Les femmes du monde, qui par éducation, s'effrayaient de ces nouveautés, y sont venues. Mlle Maugeret, dans un congrès que présidait un évèque, les y a amenées et elles ont demandé les droits politiques de la femme.
L'auteur de la motion était Mme Vincent; cet honneur lui revenait. Elle a été la première femme inscrite à Saint-Ouen sur les listes électorales.
L'employé à qui s'adressait cette requête, au premier coup d'oeil, s'aperçut que celle-là n'était venue qu'après un long et minutieux délibéré. Elle parlait posément mais avec autorité. Elle tira de son sac une liasse de textes découverts dans la poussière des bibliothèques, où sa curiosité est assidue,. Elle y prend des notes et les entasse. Le plus redoutable en Mme Vincent, ce sont les archives. Elle a des dossiers par dizaine de mille. L'affiche que vous avez lue, aux élections dernières, venait de là.
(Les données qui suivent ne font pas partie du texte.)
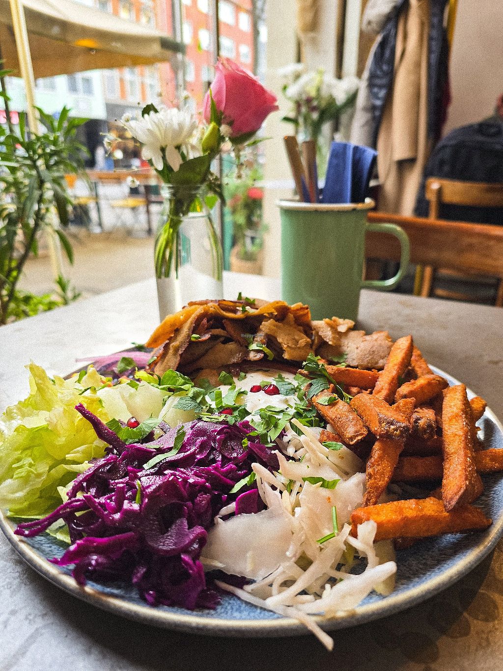 Since the reviews here and the google reviews about this place were that good we had to go and try it out. I decided to take the vegan Döner Teller which is almost 13 Euros so definitely not cheap but what you get is convincing. A plate full of salad, fries and this amazing tasting faux meat. I think this was the best vegan Döner meat I've ever had. I wish they would put a bit more of the sauce on the plate since you use it for fries, salad and the meat.

Mais le juge  de paix à qui fut déférée l'inscription de Mme Vincent était plus fort en droit qu'en histoire: il débouta cette électrice trop pressée.
Depuis, nous ne recevons pas une lettre de ces ligueuses sans qu'elle porte cette mention: "La femme doit voter", et qu'à côté du timbre officiel s'étale le timbre féministe, inventé par Mme H. Auclert.
Il y avait un homme qui avait beaucoup médit des femmes. Il avait dit ironiquement qu'on reconnaissait qu'elles étaient l'oeuvre du septième jour, à ce signe qu'on y sentait la fatigue: c'était Dumas fils. Mais la logique l'a vaincu. Comme une femme l'interrogeait sur le féminisme; il lui écrivit:
"Tous les arguments qu'on vous oppose sont des reflets du droit romain, dont le droit humain, naturel, aura bientôt raison. Bien fous sont ceux qui, ayant voulu la liberté pour l'homme, n'ont pas prévu qu'il faudrait aussi la donner à la femme."
Ces paroles ont tout l'air d'une prophétie. Les conquêtes auxquelles le féminisme nous ont fait assister depuis vingt ans le prouvent. Que de préjugés atteints ! Est-ce la fin du duel des sexes ? Qui le saurait dire ? Mais de même le duel ne fait que commencer. Rassurez-vous: "Le duel des sexes, a écrit Mme Jean Bertheroy, ne peut être jamais qu'artificiel ou simulé. Ce duel rappelle ceux de ces adversaires qui échangent deux balles sans résultat sur le terrain, et s'en vont déjeuner ensemble après".

                                                                                                          Georges Montorgueil



Je sais tout, magazine encyclopédique de la famille, 15 août 1906.